(c) The Corporation (i) is the sole beneficial and record owner of the Shares holding good and valid title thereto and has full power, legal capacity and corporate authority to transfer and sell the Shares to Purchaser, (ii) possesses all right, title and interest in and to the Shares, free and clear of all Encumbrances, and (iii) there are no options, warrants, agreements, rights or other commitments of, or granted by, the Corporation, which entitles or, if exercised, could entitle, any Person to purchase or otherwise acquire any or all of the Shares being sold hereunder.
(d) All of the Shares were issued in material compliance with applicable laws. No Shares were issued in violation of any agreement or commitment to which the Corporation is a party or is subject to or in violation of any preemptive or similar right of any individual, corporation, partnership, joint venture, limited liability company, governmental authority, unincorporated organization, trust, association or other entity.
(e) The representations and warranties of Forest set forth in Section 3.08 (Financial Statements) of the Preferred Subscription Agreement are true and correct as of the date hereof and as of the Closing.
(f) Upon the transfer, assignment and delivery of the Shares and payment therefor in accordance with the terms of this Agreement, Purchaser shall own the Shares, free and clear of all Encumbrances, which such shares shall constitute 20% of the issued and outstanding shares of Common Stock. Immediately following the Closing, the Corporation shall hold 80 shares of Common Stock, which such shares shall constitute the remaining 80% of the issued and outstanding shares of Common Stock.
(g) Except for the representations and warranties expressly made by Purchaser and set forth in Section 2.01, the Corporation acknowledges that none of Purchaser or any other Person on behalf of Purchaser makes any other representation or warranty, express or implied, at law or in equity, to the Corporation with respect to Purchaser, the transactions contemplated by this Agreement, the Preferred Subscription Agreement or the Transaction Documents or any other matter whatsoever, and the Corporation (on behalf of itself and its Affiliates and its and their respective representatives) hereby expressly disclaims any other representations or warranties, whether implied or made by Purchaser or any other Person on behalf of Purchaser.
ARTICLE III
INDEMNIFICATION
Section 3.01 Purchaser understands the meaning and legal consequences of the representations, warranties and covenants contained herein. Purchaser hereby agrees to indemnify and hold harmless the Corporation and the Corporation’s directors, officers, stockholders, agents, Affiliates and legal counsel, from and against any and all loss, damage or liability (including reasonable attorneys’ fees) due to or arising out of a material breach of any representation, warranty or covenant of Purchaser contained in this Agreement; provided, that, subject to Section 3.03 and except in the case of Purchaser’s Fraud, the aggregate amount of indemnification available pursuant to this Section 3.01, if any, shall not exceed an amount equal to $10,000,000.

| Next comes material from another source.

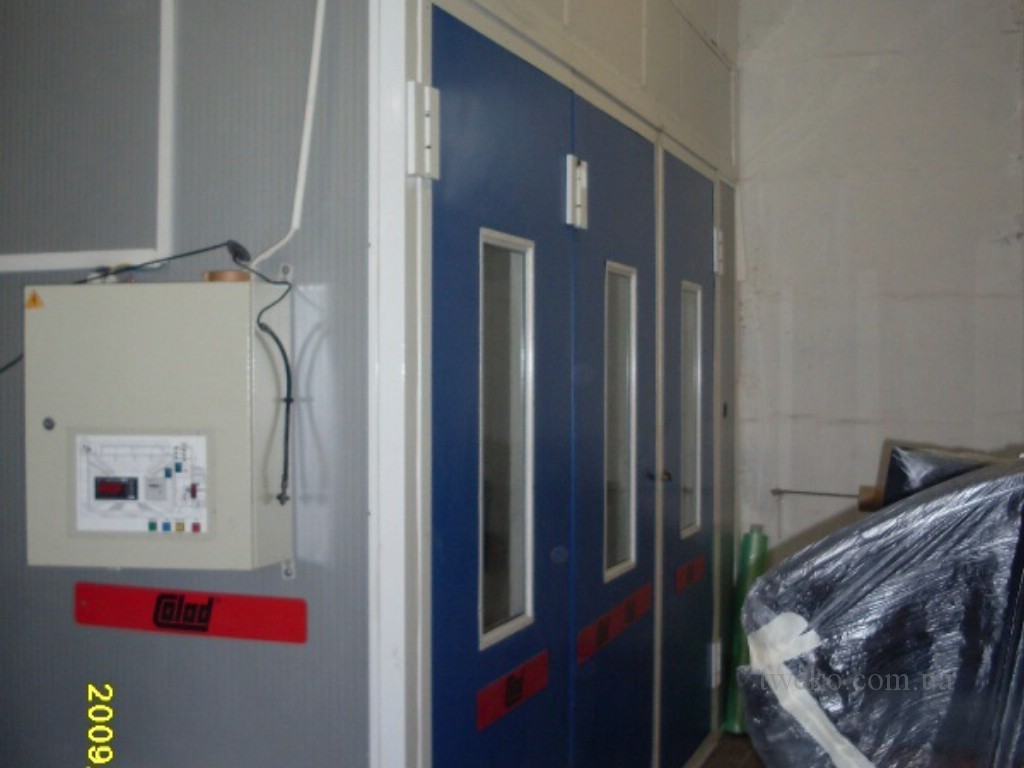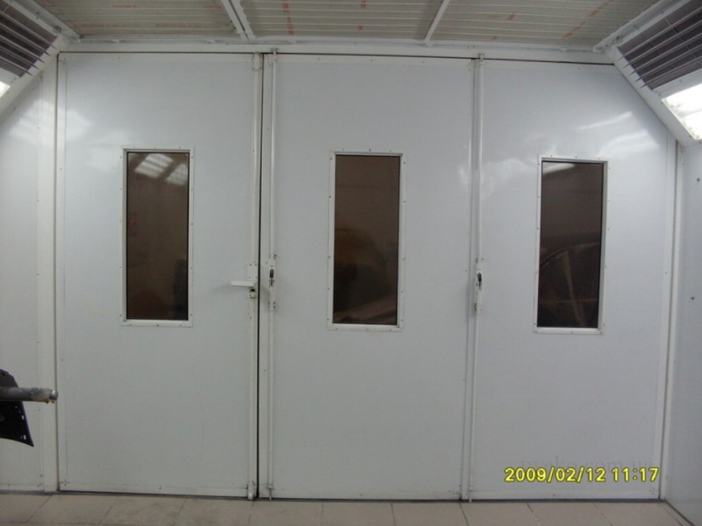 Painting chamber for the use of water-soluble paints in car painting, this chamber is characterized by an increased volume of air exchange to enable the use of water-soluble paints. The chamber is located indoors, on a foundation with built-in air channels, internal size – 7x4x4.7 m, air heating – diesel.

Section 3.02 The Corporation understands the meaning and legal consequences of the representations, warranties and covenants contained herein. The Corporation hereby agrees to indemnify and hold harmless Purchaser and Purchaser’s directors, officers, equity holders, agents, Affiliates and legal counsel, from and against any and all loss, damage or liability (including reasonable attorneys’ fees) due to or arising out of a material breach of any representation, warranty or covenant of the Corporation contained in this Agreement; provided, that, subject to Section 3.03 and except in the case of the Corporation’s Fraud, the aggregate amount of indemnification available pursuant to this Section 3.02, if any, shall not exceed an amount equal to $10,000,000.
Section 3.03 Notwithstanding anything to the contrary contained in this Agreement, none of Purchaser, the Corporation or any of their respective directors, officers, stockholders, agents, Affiliates or legal counsel shall be liable for special, punitive, exemplary, incidental, consequential or indirect damages or lost profits or diminution in value, whether based on contract, tort, strict liability, other applicable law or otherwise and whether or not arising from the other party’s sole, joint or concurrent negligence, strict liability or other fault for any matter.